If you do get nervous make light of it. “Have you ever been so nervous about something your all thumbs?” Let them try and relax you and you make them feel important because they think they are intimidating to you. Always make them feel important. If it is a nice office maybe comment on it, compliment them, remember their name, say their name, and people love hearing their own name unconsciously.
Dress nice and conservatively. I always have a better impression of someone if they took the time and effort to dress up for the interview.
If it is a hard job (like moving tires by hand), I always like to find out if the person is single or has a family at home they are trying to provide for. A person who is working to support their family will take more shit and work through harder stuff than a single person with no responsibilities beside themselves. But I can't ask that!
This is a good spot to point out that Interviewers have long lists of rules they have to follow in order that they do not get sued or open up a liability for their company. They can't ask anything that relates to age, sex, or racial background. They are not allowed to ask anything that might be used to say that the prospective employee didn't get the job because of one of those reasons. It's illegal!
Interviewers can take classes, read books, and study on the subject of interviewing people. Nothing beats hard real world experience!
You would be surprised the tricks and gimmicks, if that's what you want to call it that interviewer's can use to disarm potential candidates, get them to drop their guard, and relax. Figuring out how to relate to people in a way that gets them to open up and spill their guts. I have had people confess things during an interview, break down and cry, and others who would swear we were new best friends. As a prospective employee, if you run into a seasoned experienced interviewer you will not be able to hide very much at all. Your only hope is to be a genuine good person in need of a job, and be able to fly through all the required steps flawlessly.
If you have something to hide during an interview, take care of it somehow so that it is not a concern and will interfere with the interview and background check process, or you will just be needlessly wasting your time and those of the potential employer. You won't hide it. Not in today's age of technology where information rules supreme and trumps damn near everything.

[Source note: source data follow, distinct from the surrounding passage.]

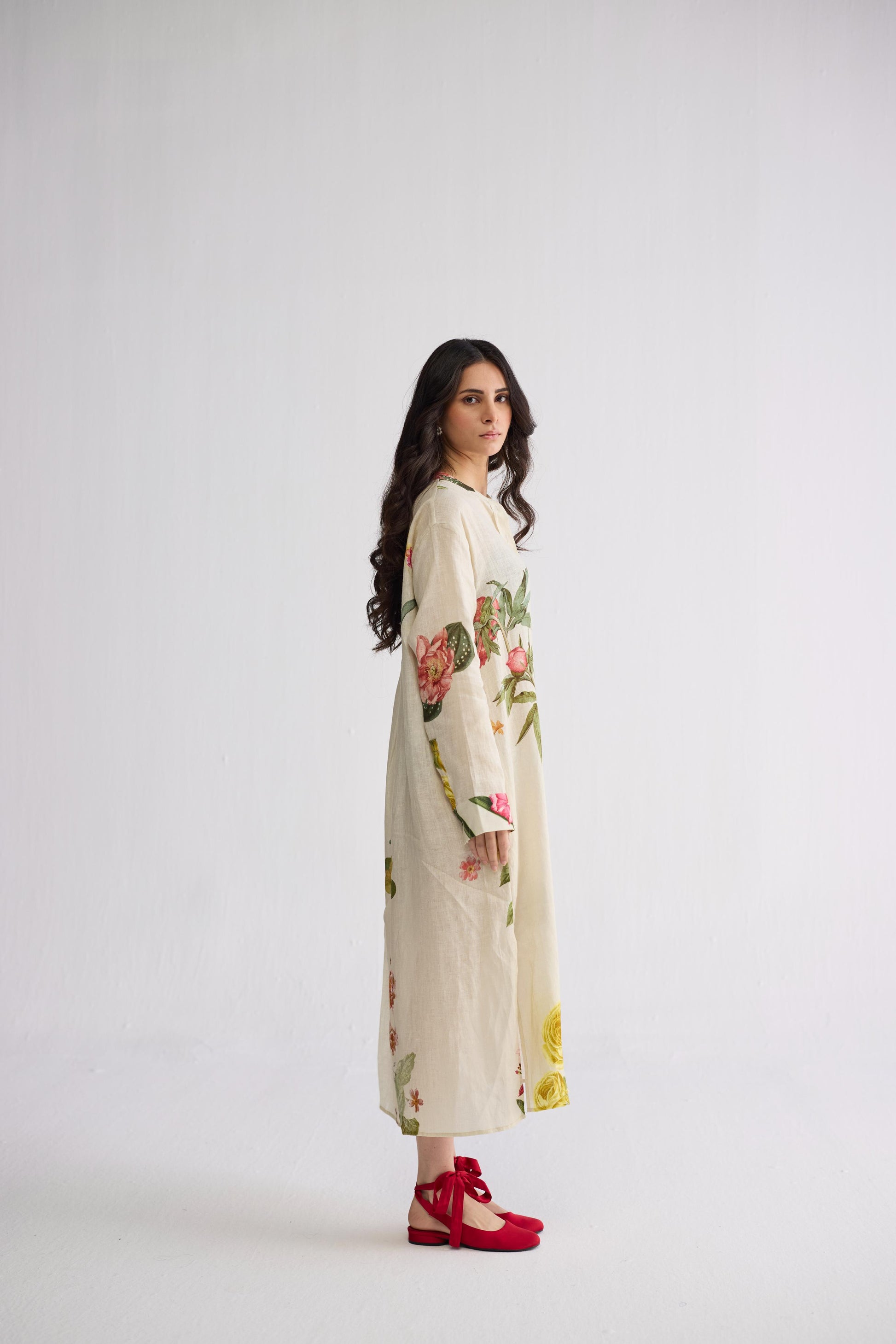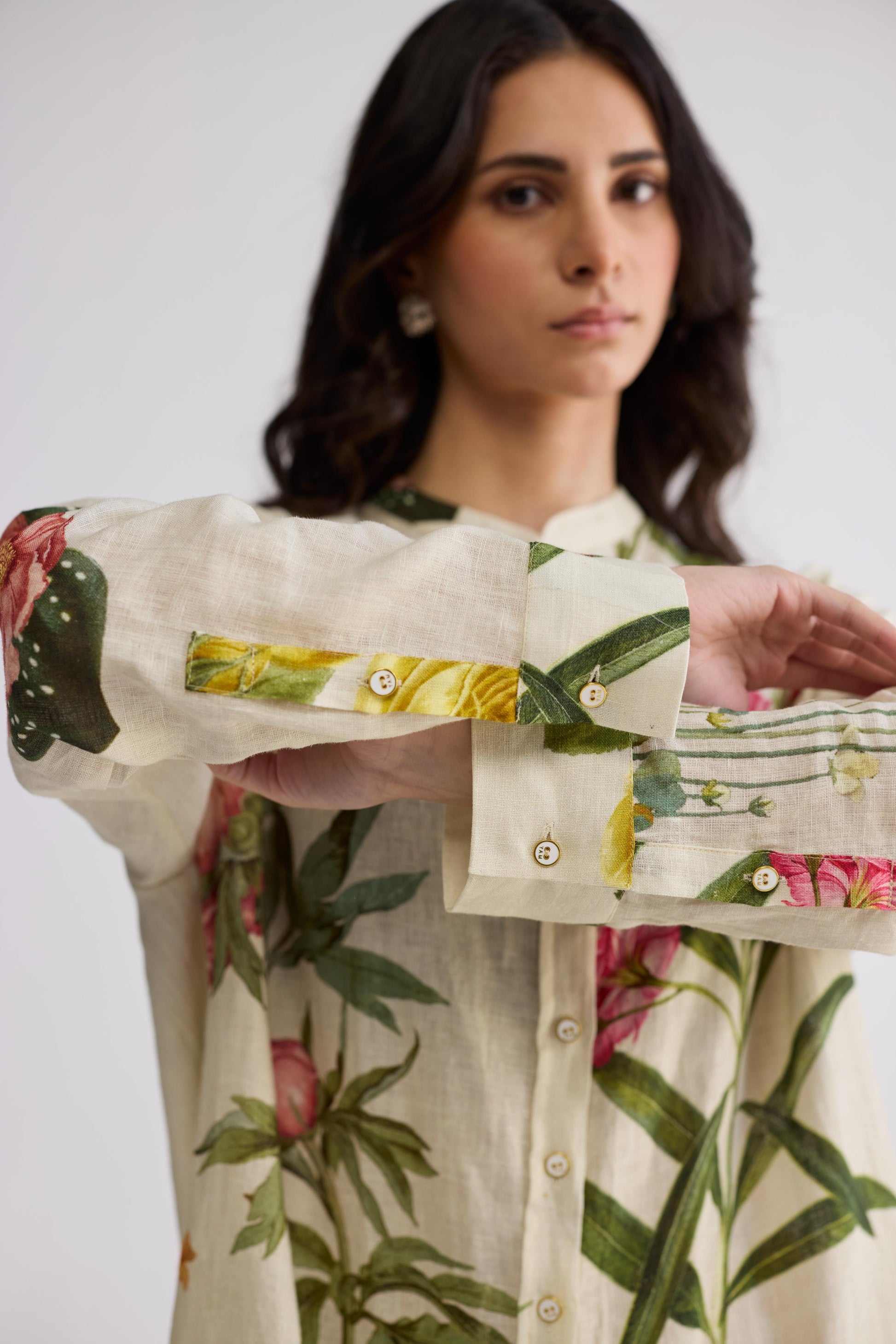 The soft neutral base is beautifully elevated with artistic botanical prints in blooming florals and foliage, creating a serene yet statement look.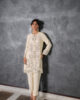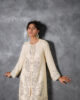 A beautifully crafted cotton net shirt featuring intricate silver embellishments and embroidery, paired with our sleek straight pants, making it the perfect ensemble for festive celebrations.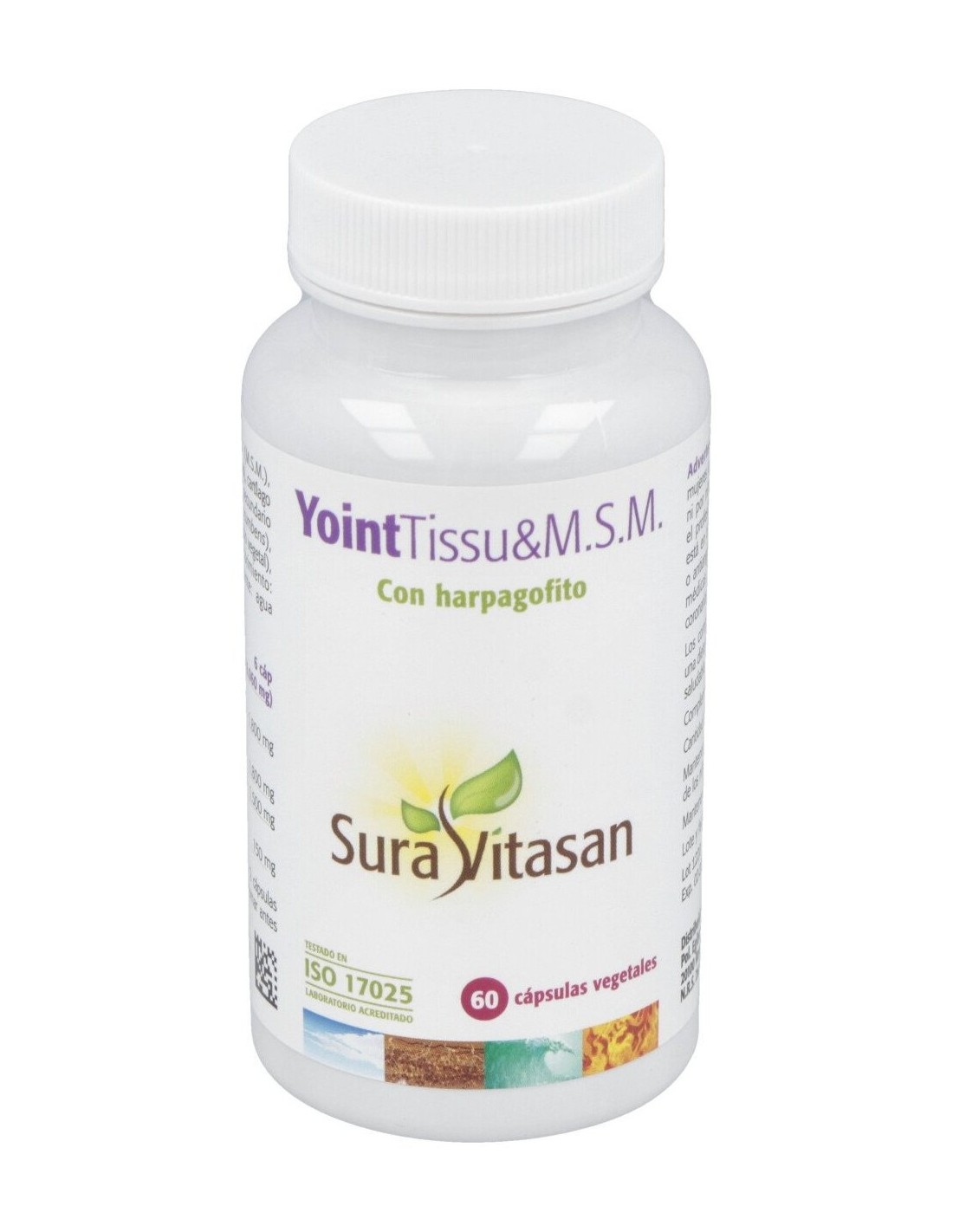 Complemento alimenticio a base Metil-sulfonil-metano (MSM), Sulfato de glucosamina, Cartílago de tiburón y un extracto estandarizado de Harpagofito al 5% de harpagósidos. Esta combinación actúa conjuntamente siendo el MSM un compuesto muy rico en azufre de fácil asimilación siendo un mineral presente en el tejido conectivo de forma natural.YOINT-TISSU Y M.S.M. CON HARPAGOPHYTUM 60cap. de SURA VITASAN

For those who are really interested in the process of interviewing, check out a gentleman named Admiral Rickover! He was the grim reaper of Interviewers of all time! For too many years Admiral Rickover was in charge of interviewing potential Captains for commanding submarines in what he considered his private fleet! His antics and tactics are legendary to say the least.
One prospective Captain was commanded, "Piss me off right now, in less than thirty seconds!"
The Captain swept everything off of Admiral Rickover's desk and all over the floor of his office without hesitation.
By the way that Captain got Command of his own Nuclear Submarine!
Rickover supposedly had a chair for prospects to sit in which had legs of differing lengths. He would change the location of the interview at the last minute so the prospect would be late to the interview. He reportedly locked prospects in closets to see how they dealt with the situation. He wanted innovative, quick thinking, committed, highly motivated men to command his submarines. The horror stories abound about how he weeded them out of all the potential candidates.
Good Luck, Interviewing whichever side of the desk you happen to be sitting on!